-2.0-

712 153 129
                                    

Sabah kalkınca yaptığım ilk iş Minjae’yi ve abimi kontrol etmek olmuştu.

Minjae hala derin bir şekilde uyuyordu, uyandırmamaya dikkat ederek kapıyı kapadım. Abimin durumu ise içler acısıydı. Salonda oturduğu yerde aynen duruyor, camdan doğan güneşi seyrediyordu yorgun bir ifadeyle.

“Hyung, uyumadın mı sen hiç?”

İrkilip bakışlarını bana çevirdiğinde bir süre etrafına bakındı ve yerinden kalkmaya yeltendi, omuzlarından tutarak yeniden oturttum.

“Minjae uyanıp beni göremezse korkar-..”

“Merak etme, uyuyor. Sen de biraz uyu lütfen, hyung, elinden bir şey gelmez artık.”

“Zoruma gidiyor Jeongguk, on yılımın bir hiç uğruna bizi bırakması çok zoruma gidiyor. Onun, özgürlüğünü kısıtlamışım hamile bırakarak, Tanrı aşkına, biz bu bebeği birlikte istedik, biz, biz aile olmak istedik. Ben zorlamadım onu, hatta biraz daha bekleyelim dedim ama ısrar eden, benden bir bebeği olmasını isteyen oydu. Şimdi oklar bana döndü, sanki, sanki onu zorlamışım, çocuk için evlenmişiz gibi konuşuyor. Aklına mı girdiler, kandırdılar mı-..”

“Hyung sen asıl şu an kendini kandırıyorsun. Hyesun otuz yaşında, birilerine kanıp peşinden gitme körpeliğini çoktan kaybetmesi gereken yaşlarda. Hala daha insanların sözlerine kanıp ailesini istememesi tamamen kendi karakterinden, olgun ve düzgün düşünen biri gibi görünmüyor şu an. Bu bir bahane değil, olmamalı. Aklı olan kanmaz. Ha, kendisinden geçmeye çok hevesliyse ve karşısına çıkan ilk insanın söylediklerine uyup kanmayı seçmişse de elinden bir şey gelmez senin. Ağzınla kuş da tutsan o kadın sana dönmeyecek, dönmesin de. Hyung, sen benim kalan tek kanımsın. Bir evladın var, canının parçası bir oğlun var. Biliyorum, aldatılmak, kandırılmak çok koyuyor insana, haklısın, sana bir anda düzel, hiçbir şey olmamış gibi davran da diyemem. Ama çabucak toparlanmalısın, tamam mı? Herkesi, her şeyi bir kenara bırak. Kendin için. Daha otuz yaşındasın, kim bilir yaşayacak neler var senin için, bunları seni aldatan bir kadının arkasından yas tutarak geri çevirme. Hayatını, anını yaşa. Oğlunla yaşa, senin kopyan, aynı sana benzeyen, huyları bile seninki gibi olan küçücük bir piçin var, değerini bil ve onu da bu durumdan en az hasarla çıkarmaya çalış.”
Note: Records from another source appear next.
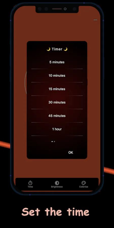 ✔️️ Configure the time you want Orange Light to be active on your phone.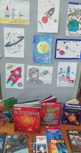 В эти чудесные дни детям представилась возможность поучаствовать в викторине «Человек открывает Вселенную», в конкурсе рисунков «Космические фантазии», в познавательно – развлекательной программе «Первоапрельский кураж». Главными виновниками торжества являлись, конечно же, книги и для читателей были оформлены книжные выставки: " Книжная радуга", «Сказки путешествуют по свету», «Эта удивительная Вселенная», где ребята могли выбрать книгу по душе.
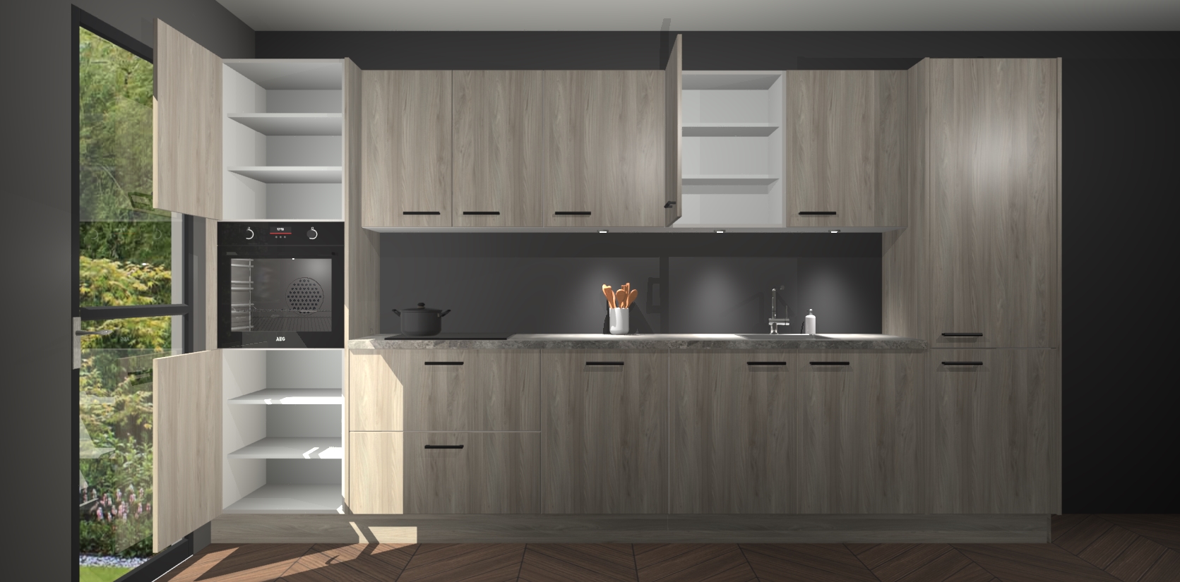 Dit is de perfecte keuken voor wie op zoek is naar een luxueuze stijl zonder zijn portemonnee te legen! Het chique ontwerp van de olm keuken Wels voegt dat vleugje verfijning toe aan elk huis. Het gemak van voorgemonteerde kasten bespaart u talloze uren tijd en energie, zodat u veel sneller dan verwacht kunt beginnen te genieten van uw prachtige nieuwe keuken. Bovendien bedraagt de levertijd slechts 7 weken.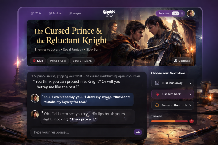 You start with a prompt box and a few decisions: genre, tone, and where you want to sit on the safe–NSFW spectrum. This is the surface layer. Behind that, DreamPress quietly offers structure: you can break sprawling tales into chapters, attach notes about your world’s politics or your characters’ trauma, and feed that context back into the model so it stops forgetting who hates whom and why.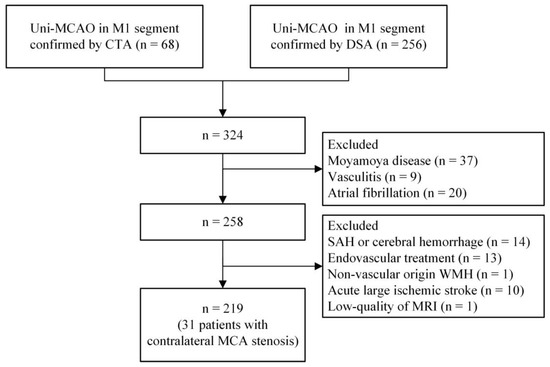 - Baradaran, H.; Mtui, E.; Richardson, J.E.; Delgado, D.; Gupta, A. Hemispheric Differences in Leukoaraiosis in Patients with Carotid Artery Stenosis: A Systematic Review. Clin. Neuroradiol. 2017, 27, 7–13. [Google Scholar] [CrossRef] [PubMed]

Hafifçe kıkırdadığında omzundan tutup çekerek sarıldım sıkıca, yüzünü boynuma gömüp derin derin nefeslenmişti.

“İyi ki varsın kardeşim, iyi ki yanımdasın.”

“Sen de öyle hyung, her zaman yanında olacağım, ne koşulda olursa olsun. Şimdi, saat daha çok erken, hadi gidip biraz oğlunla uyu. Uyanıp seni göremezse korkar.”

Dolu gözlerini kırpıştırıp kafasını sallamış, alnımdan öpüp banyoya ilerlemişti, gelen su sesinin ardından ayaklandım ve kendi odama döndüm. Önce banyoda temizlendim, yüzümü ve saçlarımı yıkayıp banyodan çıktım.

Taehyung’um hala mışıl mışıl uyuyordu, açıkta kalan omuzlarından öpüp yeniden yatağa girdiğimde kıpırdanıp bana döndü.

“Aşkım?”

“Buradayım bir tanem.”

“Saat kaç?”

“Altıya geliyor, daha erken, uyumaya devam edelim hadi.”

“Abine baktın mı?”

“Evet güzelim, baktım. Biraz konuştuk, gece uyumamış. Duşa girdi şimdi, sonra da Minjae’nin yanına girip uyuyacak.”

“Tamam, ben kendi evime gidebilirim istersen, hani yalnız kalalım falan derseniz.”

“Hayır sevgilim, Bu abimi daha rahatsız hissettirir, buraya gelirken bile ikilemde kalmış.”